# Minimum legal age to hunt alone (resident)



## younghunter360 (Nov 11, 2011)

I want to go duck hunting with my buddy this saturday, but we weren't planning on going with someone over the age of 21, I tried looking on the DNR website but I am confused. Does anyone know the legal minimum age to hunt as a resident?


----------



## Michhunter609 (Apr 3, 2012)

I believe it is 18 but not 100% sure. 


Outdoor Hub mobile, my iPhone


----------



## GrtWhtHntr (Dec 2, 2003)

I'm pretty sure it's 17, but I'm not positive either.


----------



## younghunter360 (Nov 11, 2011)

Michhunter609 said:


> I believe it is 18 but not 100% sure.
> 
> 
> Outdoor Hub mobile, my iPhone


I checked my license and it said 17, but if i bought a regular license would I be legal?


----------



## roo (Mar 30, 2011)

17.


----------



## Big Frank 25 (Feb 21, 2002)

younghunter360 said:


> I checked my license and it said 17, but if i bought a regular license would I be legal?


You have a youth license?


----------



## younghunter360 (Nov 11, 2011)

yes, the small game was 1 dollar and the duck stamp was free for a junior license


----------



## Big Frank 25 (Feb 21, 2002)

Happy Birthday!! 

I'm not sure what to tell you. You have the HIP survey too?


----------



## dead short (Sep 15, 2009)

How old are you?


Posted from my iPhone.


----------



## dead short (Sep 15, 2009)

Read all this and then spell out the specifics. How old are you? How old is your friend? Where do you want to hunt. 

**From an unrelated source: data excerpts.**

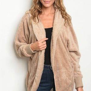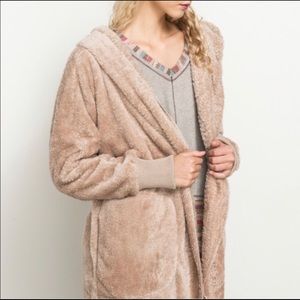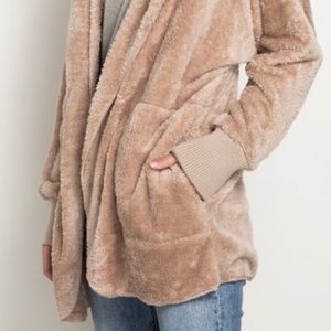 OS Teddy Fuzzy Fleece Cardigan Super Soft Taupe
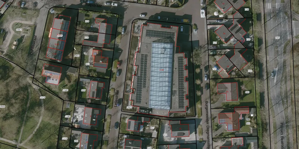 Het perceel waarop Tulpstraat 16 staat heeft een oppervlakte van 2797 m². Dit is een zeer groot perceel. De perceeloppervlakte wordt geregistreerd door het Kadaster. Gedetailleerde informatie over de maten van dit perceel kunt u vinden in het rapport Kadastrale kaart met maatvoering van Tulpstraat 16.
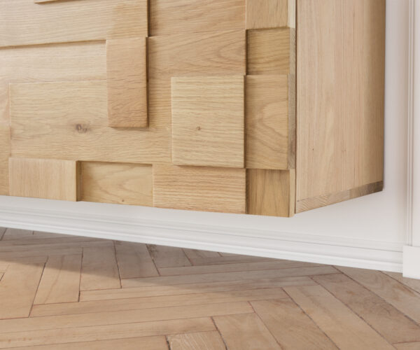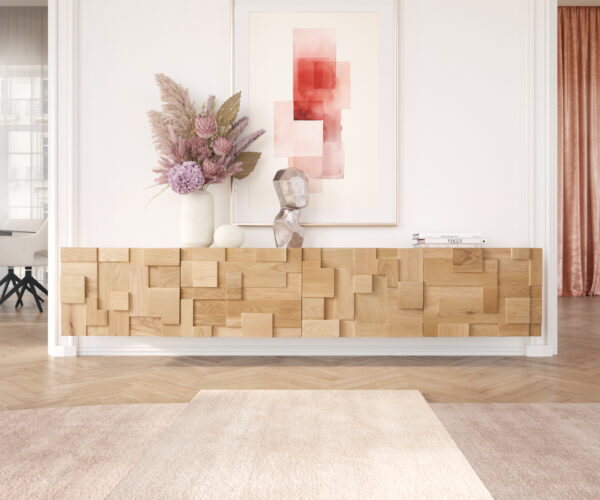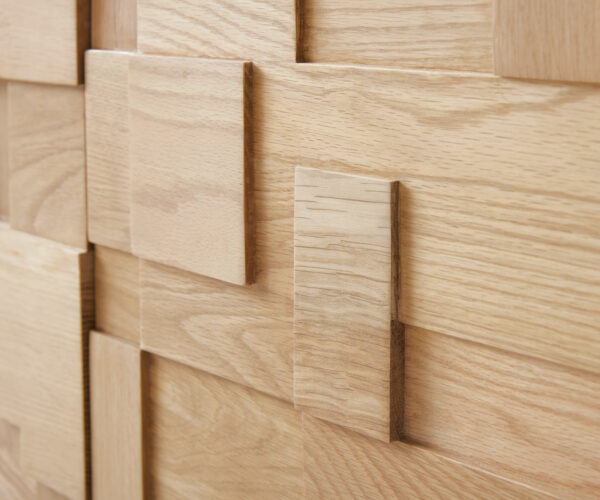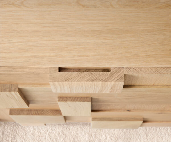 Jedinečná nízká deska Puzzle vyrobená z cenného dubu pocházejícího z udržitelného lesního hospodářství zaujme propracovanou, vystupující 3D přední stranou s nápadně krásným vzorem puzzle. Pro design čela jsou pečlivě vybírány jednotlivé prvky z masivního dřeva, které jsou trpělivě ručně skládány ve vertikálním i horizontálním směru, aby vytvořily harmonický celkový obraz, a připevněny k MDF nosiči. Použití obdélníkových a čtvercových tvarů v různých tloušťkách materiálu vytváří úchvatný 3D charakter plný hloubky a trojrozměrnosti, který dělá z každé spodní desky exkluzivní unikát.
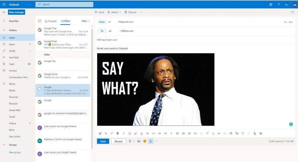 At the end of the day, it is indeed quite convenient to have access to Gmail directly from within Outlook.com, as it moves the experience closer to what you get with the dedicated Outlook app. You’re able to access your emails, calendar, and even send Google Drive files without having to open Google’s own websites, and it is great for those who prefer the user experience out Outlook.com. The experience still has quite a ways to go, but I am glad to see the new Microsoft in action and playing nice with Google services. That will be especially important with the Android-powered Surface Duo coming up later this year.
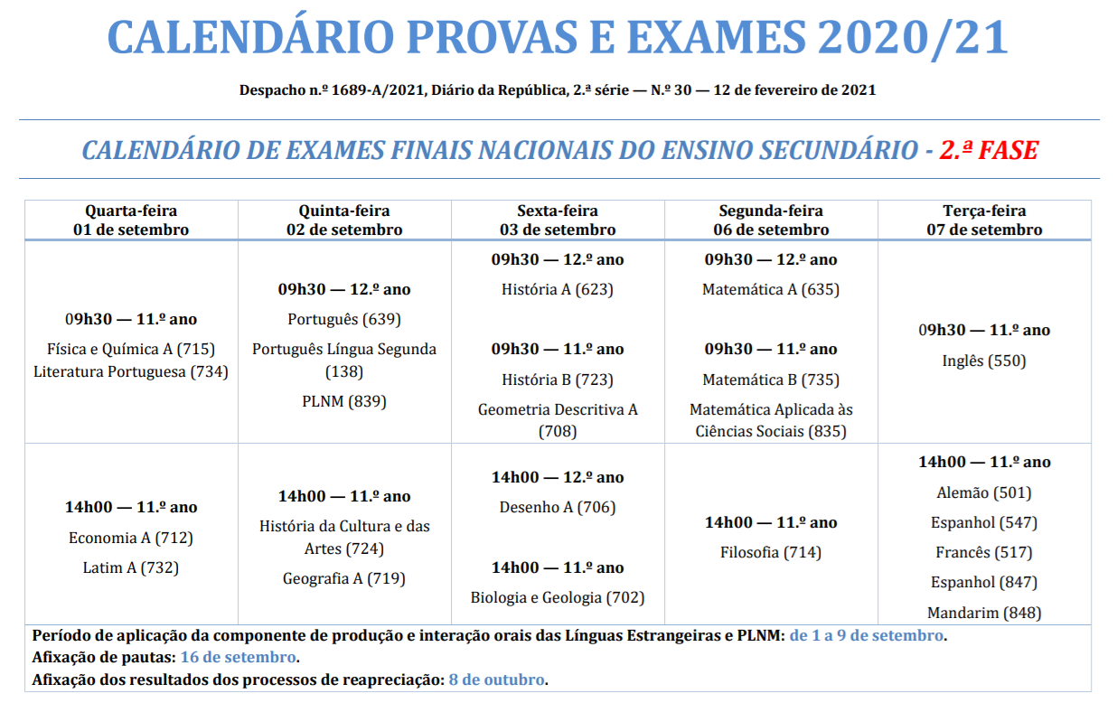 Calendário de Exames Finais do Ensino Secundário 2021 - 2.ª Fase
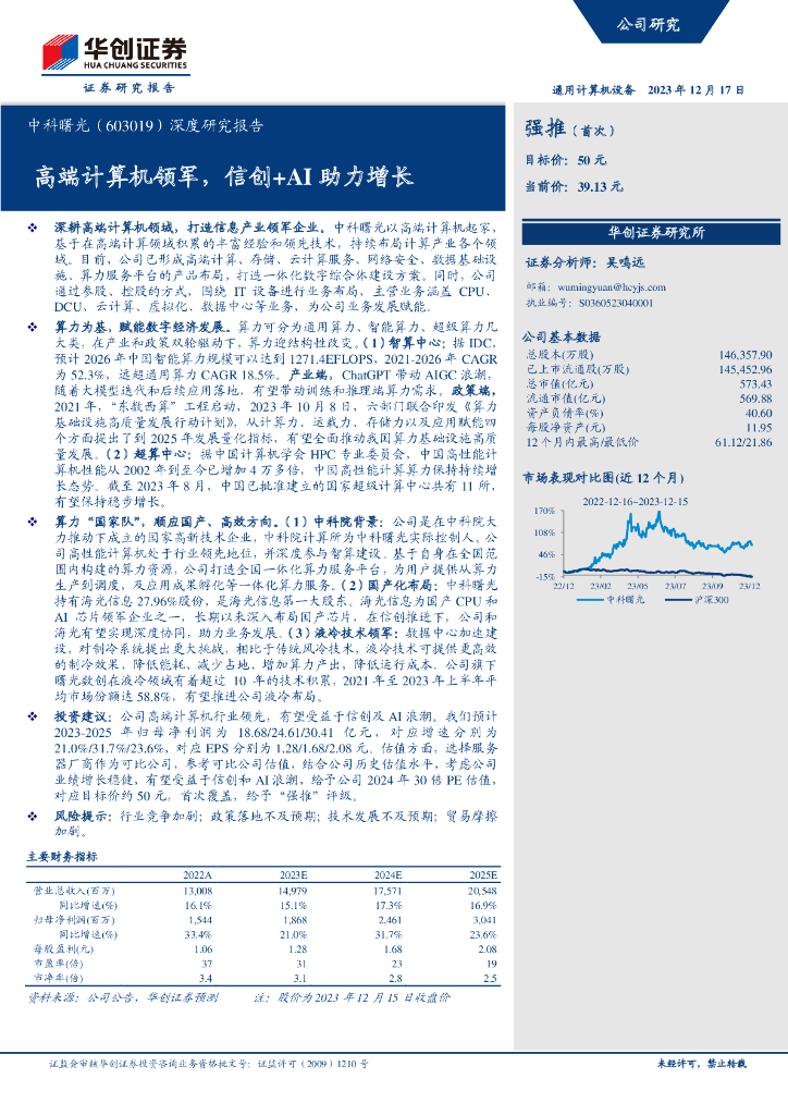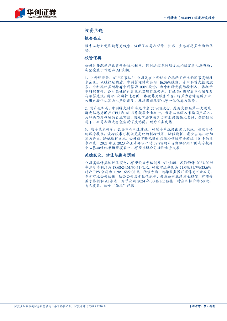 华创证券:中科曙光(603019.SH)深度研究报告:高端计算机领军,信创+AI助力增长.pdf
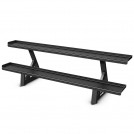 Двухуровневая стойка для гирь имеет горизонтальную конструкцию, что обеспечивает удобный доступ к снарядам.
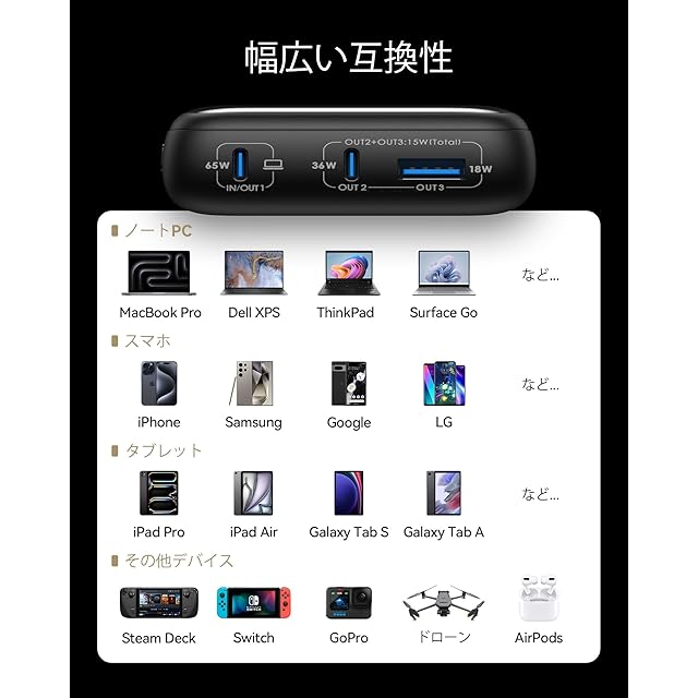 【三台同時充電】驚きの速さのPD 65W USB-C出力ポート、急速充電可能のPD 36W USB-C出力ポート、信頼できるUSB-Aポートを含む3つの充電ポートを備えたこのモバイル・バッテリーは、あなたのオールインワンチョイスです。様々なケーブルにシームレスに対応し、数多くのデバイスの急速充電を実現できます。
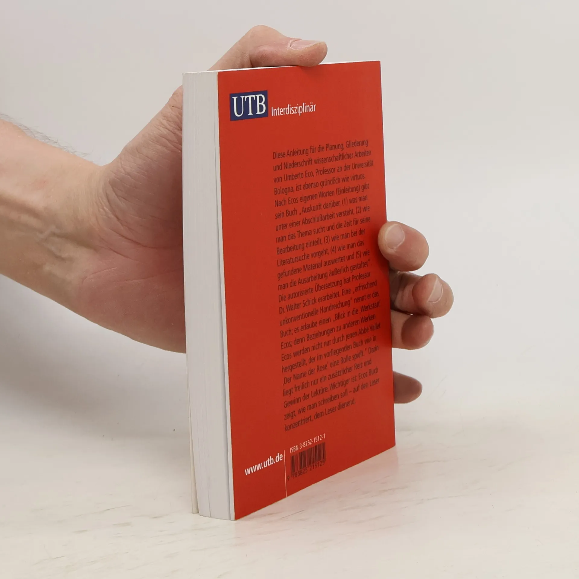 Diese Anleitung für die Planung, Gliederung und Niederschrift wissenschaftlicher Arbeiten von Umberto Eco, Professor an der Universität Bologna, ist ebenso gründlich wie virtuos. Nach Ecos eigenen Worten (Einleitung) gibt sein Buch „Auskunft darüber, (1) was man unter einer Abschlussarbeit versteht, (2) wie man das Thema sucht und die Zeit für seine Bearbeitung einteilt, (3) wie man bei der Literatursuche vorgeht, (4) wie man das gefundene Material auswertet und (5) wie man die Ausarbeitung äußerlich gestaltet“. Die autorisierte Übersetzung hat Professor Dr. Walter Schick erarbeitet. Eine „erfrischend unkonventionelle Handreichung“ nennt er das Buch; es erlaube einen "Blick in die 'Werkstatt' Ecos; denn Beziehungen zu anderen Werken Ecos werden nicht nur durch jenen Abbé Vallet hergestellt, der im vorliegenden Buch wie in 'Der Name der Rose' eine Rolle spielt." Darin liegt freilich nur ein zusätzlicher Reiz und Gewinn der Lektüre. Wichtiger ist: Ecos Buch zeigt, wie man schreiben soll - auf den Leser konzentriert, dem Leser dienend.
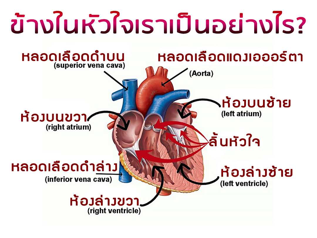 ◉ หัวใจ เป็นอวัยวะกล้ามเนื้อซึ่งสูบเลือดทั่วหลอดเลือดไปยังส่วนต่าง ๆ ของร่างกาย หัวใจมนุษย์ปกติเต้น 72 ครั้งต่อนาที สูบเลือดประมาณ 4.7-5.7 ลิตรต่อนาที
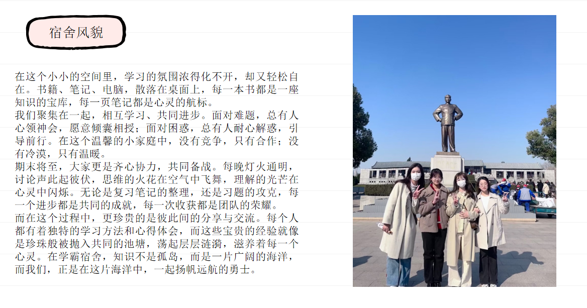 3月30日至4月15日进行了活动的第二阶段——风采展示工作,由获得一等奖的学霸宿舍制作ppt,并向同学们展示了宿舍风采,分享了学习经验。获得二等奖的学霸宿舍制作了word文件和学院同学们分享,展示宿舍成员的学习成果和学习心得。

NATURAL RESOURCES AND ENVIRONMENTAL PROTECTION ACT (EXCERPT)
Act 451 of 1994


324.43517 Hunting by minor child; order establishing mentored youth hunting program.
Sec. 43517.

(1) A parent or legal guardian of a minor child shall not permit or allow the minor child to hunt game under the authority of a license issued under this part except under 1 of the following conditions:

(a) The minor child hunts only on land upon which a parent or guardian is regularly domiciled or a parent or guardian, or another individual at least 18 years old authorized by a parent or guardian, accompanies the minor child. This subdivision does not apply under any 1 of the following circumstances:

(i) The license is an apprentice license.

(ii) The minor child is less than 14 years old and the license is a license to hunt deer, bear, or elk with a firearm.

(iii) The minor child is less than 10 years old.

(b) If the license is an apprentice license, a parent or guardian, or another individual at least 21 years old authorized by a parent or guardian, who is licensed to hunt that game under a license other than an apprentice license accompanies the minor child. In addition, if the minor child is less than 14 years old and the apprentice license is a license to hunt deer, bear, or elk with a firearm, the minor child shall hunt only on private property.

(c) If the minor child is less than 14 years old and the license is a license to hunt deer, bear, or elk with a firearm, the minor child hunts only on private property and a parent or guardian, or another individual authorized by a parent or guardian who is at least 18 years old, accompanies the minor child. This subdivision does not apply if the license is an apprentice license or if the minor child is less than 10 years old.

(d) If the minor child is less than 10 years old, the minor hunts only with a mentor in compliance with the mentored youth hunting program established by the commission under subsection (2).

(2) Within 1 year after the effective date of the amendatory act that added this subsection, the commission shall issue an order under section 40113a establishing a mentored youth hunting program. The order shall provide for at least all of the following:

(a) A mentor shall be at least 21 years of age before participating in the mentored youth hunting program.

(b) A mentor shall possess a valid license to hunt, other than an apprentice license, before engaging in any mentored youth hunting program.

(c) An individual shall not be a mentor unless he or she presents proof of previous hunting experience in the form of a previous hunting license, other than an apprentice license, or certification of completion of training in hunter safety issued to the individual by this state, another state, a province of Canada, or another country.


History: Add. 1995, Act 57, Imd. Eff. May 24, 1995 ;-- Am. 2006, Act 280, Imd. Eff. July 10, 2006 ;-- Am. 2006, Act 282, Imd. Eff. July 10, 2006 ;-- Am. 2011, Act 109, Eff. Sept. 1, 2011 
Popular Name: Act 451
Popular Name: NREPA


© 2009 Legislative Council, State of Michigan


Posted from my iPhone.


----------



## Big Frank 25 (Feb 21, 2002)

"Minor Child" defined.


----------



## Michhunter609 (Apr 3, 2012)

Ok so if this person is 17 that means they have the wrong tags!!!!


----------



## Big Frank 25 (Feb 21, 2002)

Maybe he turned 17 after the small game season opened. 

Being migratory birds are involved the Feds would come into play in this as well. 

At 16 yoa a Federal stamp $15.00 is needed along with the youth small game $1.00 and MI. waterfowl license $5.00. 

So what I'd like to know is this. If a youth license is purchased prior to the 17th birthday that is celebrated after the season opens. Is the youth license valid for the duration of the season, or does the license need to be upgraded? I'd like to think it is the former.



younghunter360 said:


> yes, the small game was 1 dollar and the duck stamp was free for a junior license


 Since there was no charge for the MI. Waterfowl License, he must be under 16. 

Is your friend 18 or older?


----------



## hartman756 (Nov 21, 2008)

dead short said:


> How old are you?
> 
> 
> Posted from my iPhone.


 
14 in 2011


http://www.michigan-sportsman.com/forum/showthread.php?t=407773


c hartman


----------



## dead short (Sep 15, 2009)

At 14 you could waterfowl hunt on property where you live without supervision. Only where you live. Not other property that you have permission on or other property that your folks may own. Certainly not on public access property. 

Anything other than that requires supervision. 


Posted from my iPhone.


----------